> [Your goal]
Retype the data that follows exactly. No pictures belong in the copy.

BEGIN Dataset content

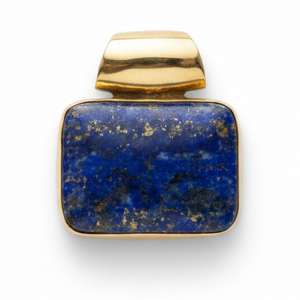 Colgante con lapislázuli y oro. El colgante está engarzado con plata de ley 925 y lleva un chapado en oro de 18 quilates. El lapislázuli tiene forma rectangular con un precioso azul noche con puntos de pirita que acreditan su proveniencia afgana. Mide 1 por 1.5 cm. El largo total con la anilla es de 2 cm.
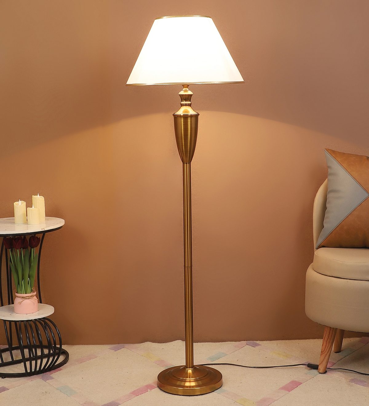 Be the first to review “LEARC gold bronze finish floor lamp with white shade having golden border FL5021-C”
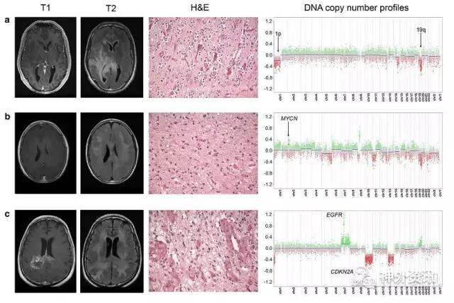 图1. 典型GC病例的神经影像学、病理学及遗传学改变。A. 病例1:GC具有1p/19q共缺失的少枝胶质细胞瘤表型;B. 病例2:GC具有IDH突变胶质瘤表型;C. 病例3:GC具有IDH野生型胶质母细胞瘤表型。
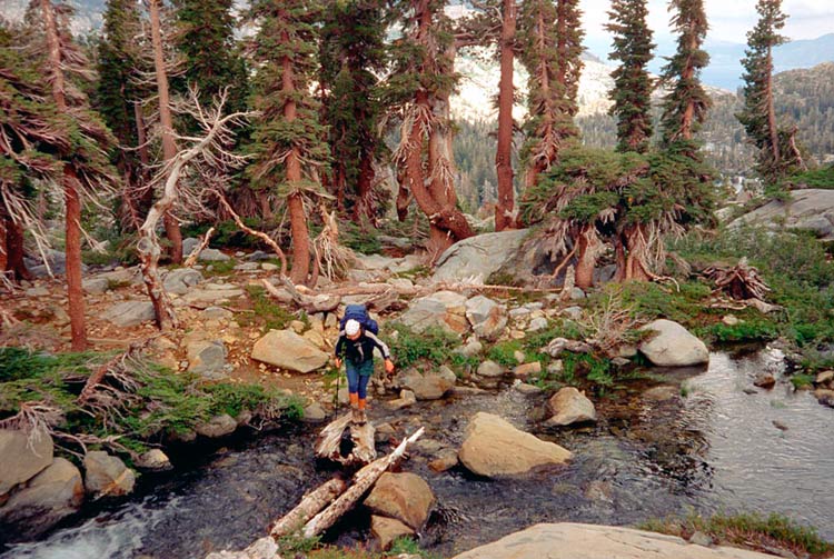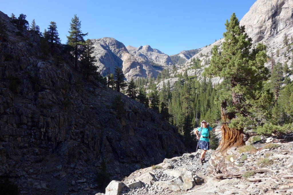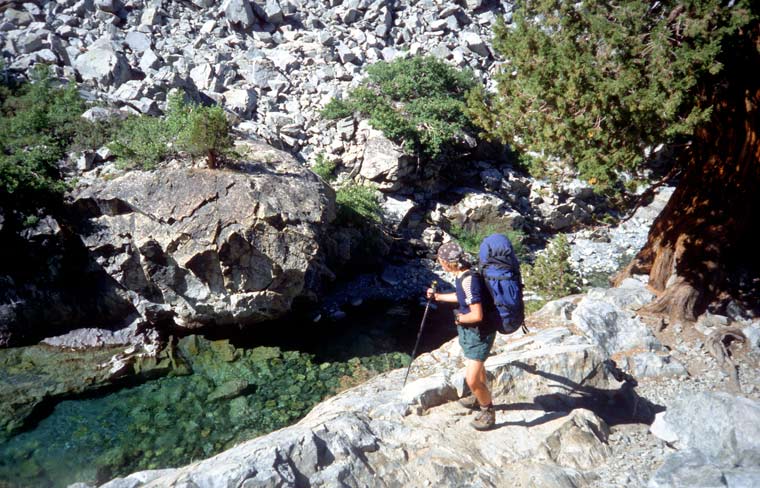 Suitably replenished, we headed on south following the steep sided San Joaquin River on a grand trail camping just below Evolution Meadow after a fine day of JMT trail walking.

END Dataset content

> [Response box]
 Colgante con lapislázuli y oro. El colgante está engarzado con plata de ley 925 y lleva un chapado en oro de 18 quilates. El lapislázuli tiene forma rectangular con un precioso azul noche con puntos de pirita que acreditan su proveniencia afgana. Mide 1 por 1.5 cm. El largo total con la anilla es de 2 cm.
 Be the first to review “LEARC gold bronze finish floor lamp with white shade having golden border FL5021-C”
 图1. 典型GC病例的神经影像学、病理学及遗传学改变。A. 病例1:GC具有1p/19q共缺失的少枝胶质细胞瘤表型;B. 病例2:GC具有IDH突变胶质瘤表型;C. 病例3:GC具有IDH野生型胶质母细胞瘤表型。
 Suitably replenished, we headed on south following the steep sided San Joaquin River on a grand trail camping just below Evolution Meadow after a fine day of JMT trail walking.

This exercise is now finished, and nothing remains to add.